• Source material:
========================
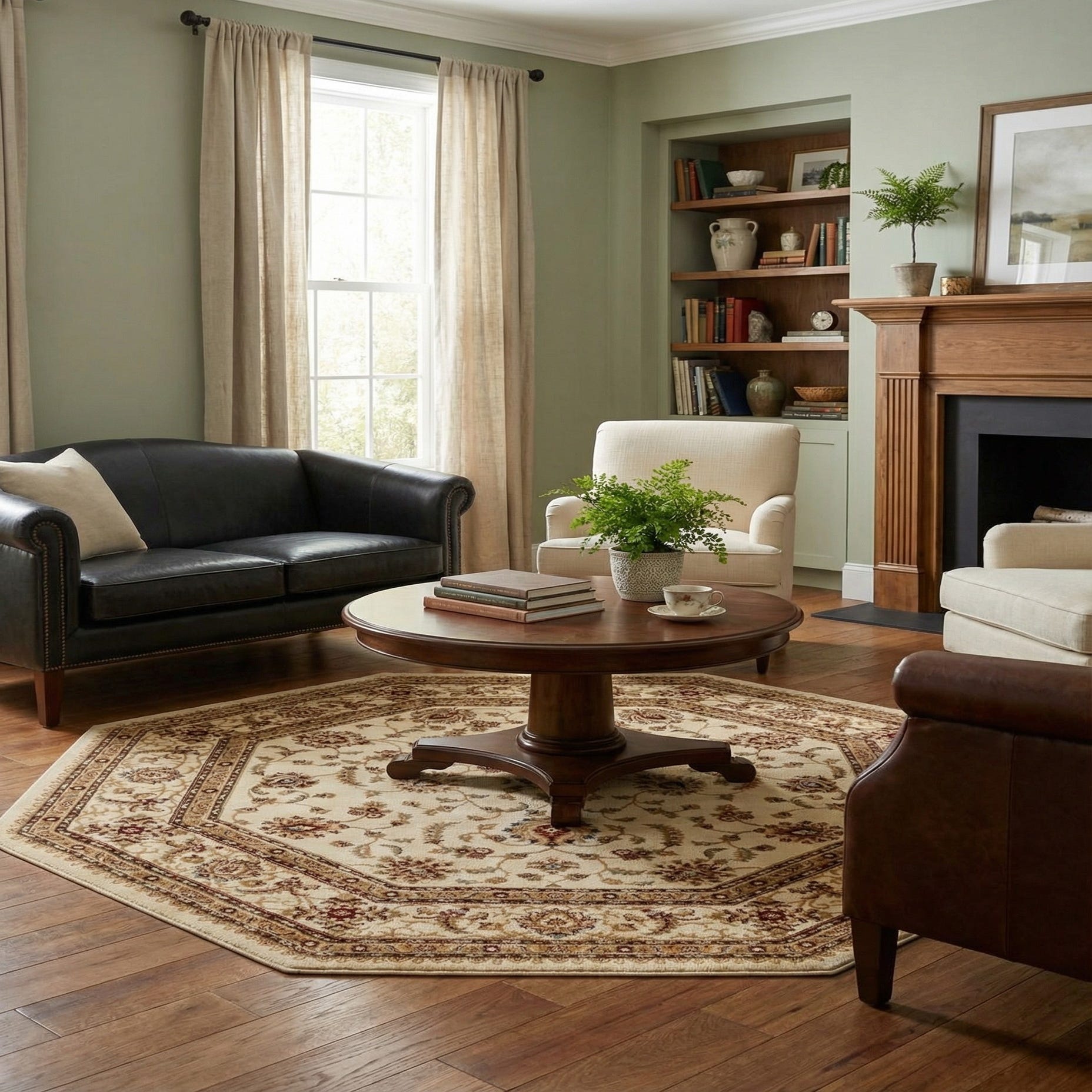 Underfoot the rug has a low-profile pile that feels smooth and slightly cushioned, holding its pattern definition while remaining easy to layer under furniture. Its octagonal shape is ideal for entryways, a foyer or beneath a round dining or bistro table, and it also anchors a seating vignette or study without overwhelming the space. Pair it with warm wood tones, upholstered neutrals and brass or antique-finish accents for a classic look, or mix it with painted furniture and light linens to soften a contemporary living area.
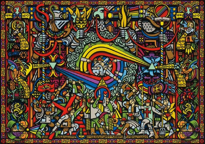 Художник провів кураторську екскурсію виставкою, яка у віртуальному просторі моделює ситуацію, наближену до простору традиційної галереї, і розповів про історію створення робіт та їхній символізм.
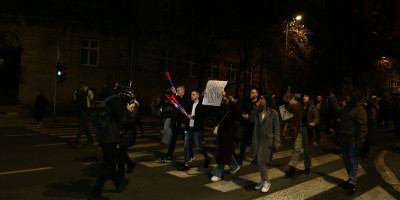 Danas se na protestu "studenata" pojavio i Lazar Dinić - opozicioni aktivista koji se maskirao u studenta i nedeljama blokira ostalim studentima rad fakulteta.
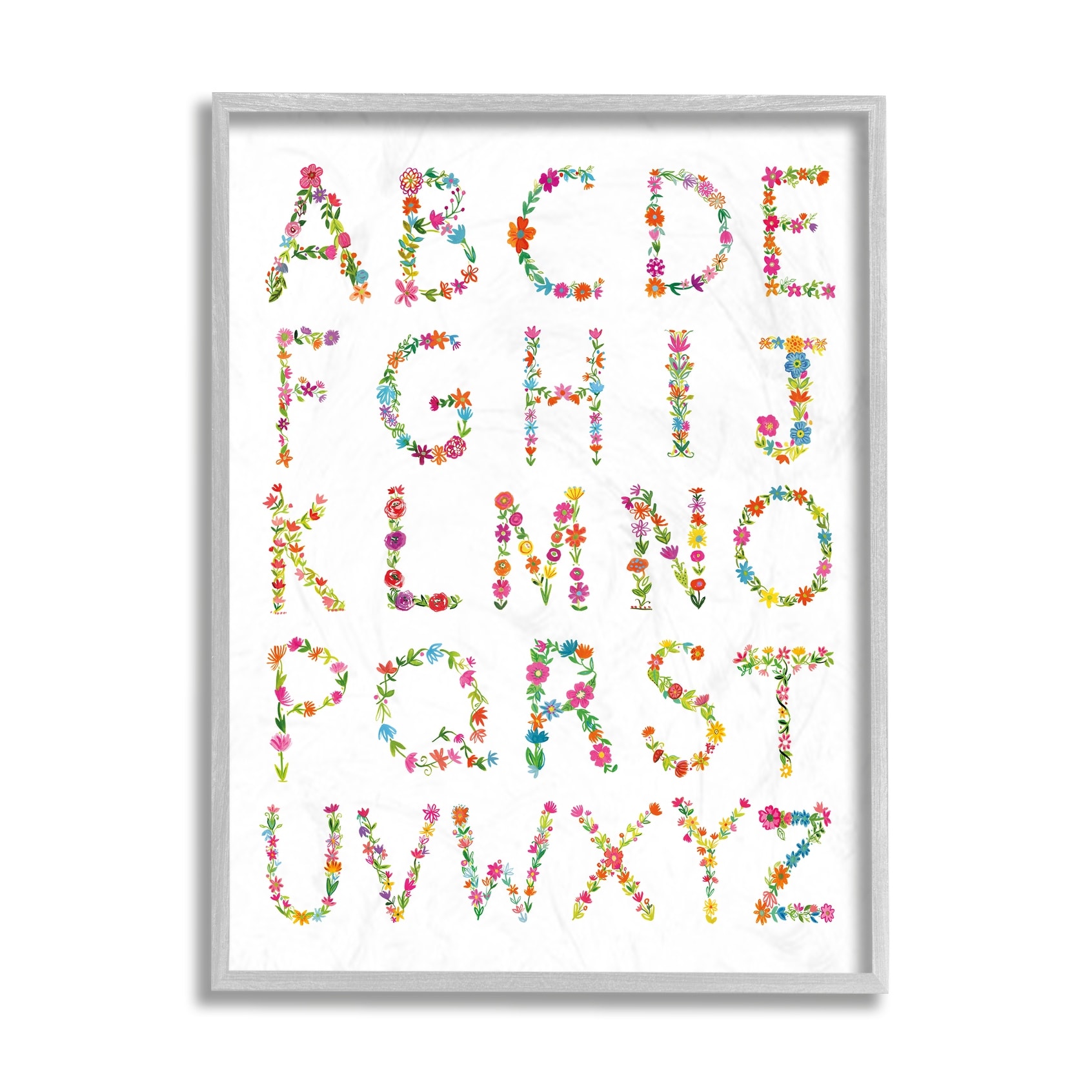 Stupell Industries Floral Pattern Alphabet Soft Chic Typography Framed Wall Art
========================
• Task objective: Only the lines from the one containing "Художник провів кураторську" through the last line of the data may appear in the answer, each given again exactly and with pictures left out.

• Task answer:
 Художник провів кураторську екскурсію виставкою, яка у віртуальному просторі моделює ситуацію, наближену до простору традиційної галереї, і розповів про історію створення робіт та їхній символізм.
 Danas se na protestu "studenata" pojavio i Lazar Dinić - opozicioni aktivista koji se maskirao u studenta i nedeljama blokira ostalim studentima rad fakulteta.
 Stupell Industries Floral Pattern Alphabet Soft Chic Typography Framed Wall Art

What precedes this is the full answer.